En Francia, Nahel es sólo la punta del iceberg
El presidente Emmanuel Macron creyó que después de la reforma a las jubilaciones y las 14 marchas que fueron noticia a nivel nacional e internacional se llegaría a una supuesta calma en Francia. Pasarían cien días de calma que lo dejarían continuar con su agenda ...
El presidente Emmanuel Macron creyó que después de la reforma a las jubilaciones y las 14 marchas que fueron noticia a nivel nacional e internacional se llegaría a una supuesta calma en Francia.
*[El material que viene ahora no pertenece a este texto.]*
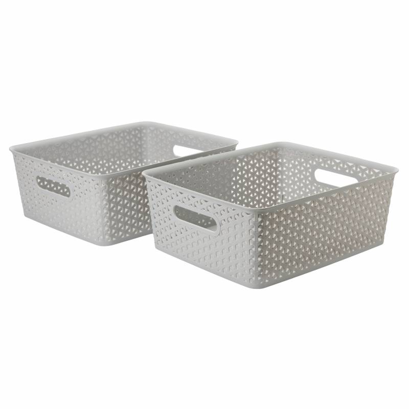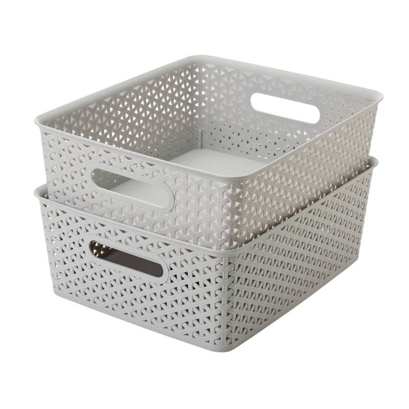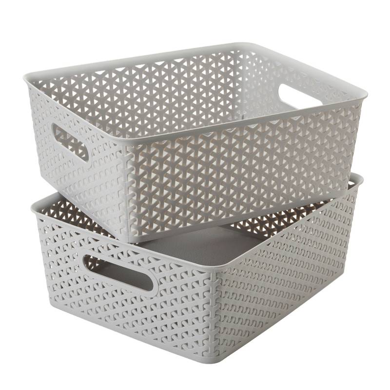 Set de 2 canastos tipo ratán de 12 l, resistentes y estéticos. Ideales para organizar accesorios, baño, cocina o dormitorio. Diseño práctico, liviano y fácil de limpiar.

Pasarían cien días de calma que lo dejarían continuar con su agenda internacional, la cual ya se había visto perjudicada durante las marchas de la reforma a las jubilaciones al tenerse que aplazar la primera visita oficial del rey Carlos III de Gran Bretaña a Francia.
Al estar todo relativamente en calma y al pasar cien días tranquilos en la política interna, Macron se preparaba para realizar un visita de Estado de tres días a Alemania, la cual no se había dado como tal desde hace 23 años y que serviría para relanzar el eje franco-alemán que se había puesto en punto muerto debido a la salida de Angela Merkel en 2021, los importantes cambios políticos con Steinmeier-Scholz, como también debido a las disputas energéticas y militares entre ambos países.
Justo en vísperas de esa visita de Estado y un viaje importante a Bruselas para la cumbre de la Unión Europea, Macron decide regresar a París de manera urgente y también cancelar su gira a Alemania ante las constantes protestas y los disturbios que no cesaban en toda Francia debido al asesinato del joven francés con ascendencia argelina-marroquí, Nahel Merzouk, quien tenía 17 años y fue abatido por un policía en el suburbio parisino de Nanterre, Francia.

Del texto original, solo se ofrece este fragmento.